**Task to complete:** Verbatim output, no pictures: the lines from the beginning of the material through the line with "This is an authentic", both ends kept.

**Collected material:**
****

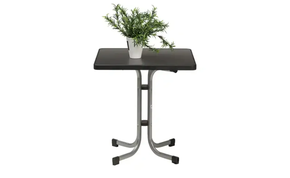 Der Klapptisch Mecalit-Pro besitzt eine quadratische Dekorplatte in anthrazitfarbener Schieferoptik mit abgerundeten Kanten. Schwungvoll ausladende metallene Beine in mattem Glanz stützen den kleinen Gartentisch. Dank seiner geringen Maße passt er auch gut auf kleinere Balkone oder Terrassen. Eine zusätzliche Vorrichtung an den Füßen macht es Ihnen möglich, den Tisch in seiner Höhe zu verstellen und somit Unebenheiten auszugleichen. Einen weiteren Vorteil bietet seine Klappfunktion, dank der Sie ihn einfach verstauen und transportieren können.
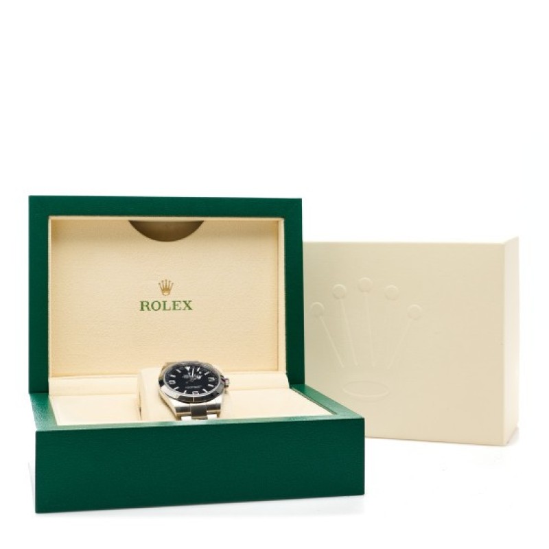 This is an authentic ROLEX Stainless Steel 40mm Oyster Perpetual Explorer Watch Black 224270. This watch is crafted of stainless steel and features a black dial with luminescent hour markers and hands, sapphire crystal, and an automatic movement.
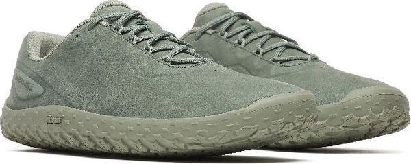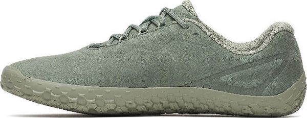 "Experience the ultimate barefoot experience with the Vapor Glove 7 LTR from Merrell. This unisex shoe combines state-of-the-art technologies with sustainable materials to offer you an incomparable wearing experience. The high-quality leather upper not only provides an elegant look, but also additional warmth and comfort thanks to the cushioning. The padded collar and integrated insole made from 30% recycled EVAfoam provide additional support and cushioning, while the breathable mesh lining made from 100% recycled material ensures a pleasant foot climate"

****

**Response area:**
 Der Klapptisch Mecalit-Pro besitzt eine quadratische Dekorplatte in anthrazitfarbener Schieferoptik mit abgerundeten Kanten. Schwungvoll ausladende metallene Beine in mattem Glanz stützen den kleinen Gartentisch. Dank seiner geringen Maße passt er auch gut auf kleinere Balkone oder Terrassen. Eine zusätzliche Vorrichtung an den Füßen macht es Ihnen möglich, den Tisch in seiner Höhe zu verstellen und somit Unebenheiten auszugleichen. Einen weiteren Vorteil bietet seine Klappfunktion, dank der Sie ihn einfach verstauen und transportieren können.
 This is an authentic ROLEX Stainless Steel 40mm Oyster Perpetual Explorer Watch Black 224270. This watch is crafted of stainless steel and features a black dial with luminescent hour markers and hands, sapphire crystal, and an automatic movement.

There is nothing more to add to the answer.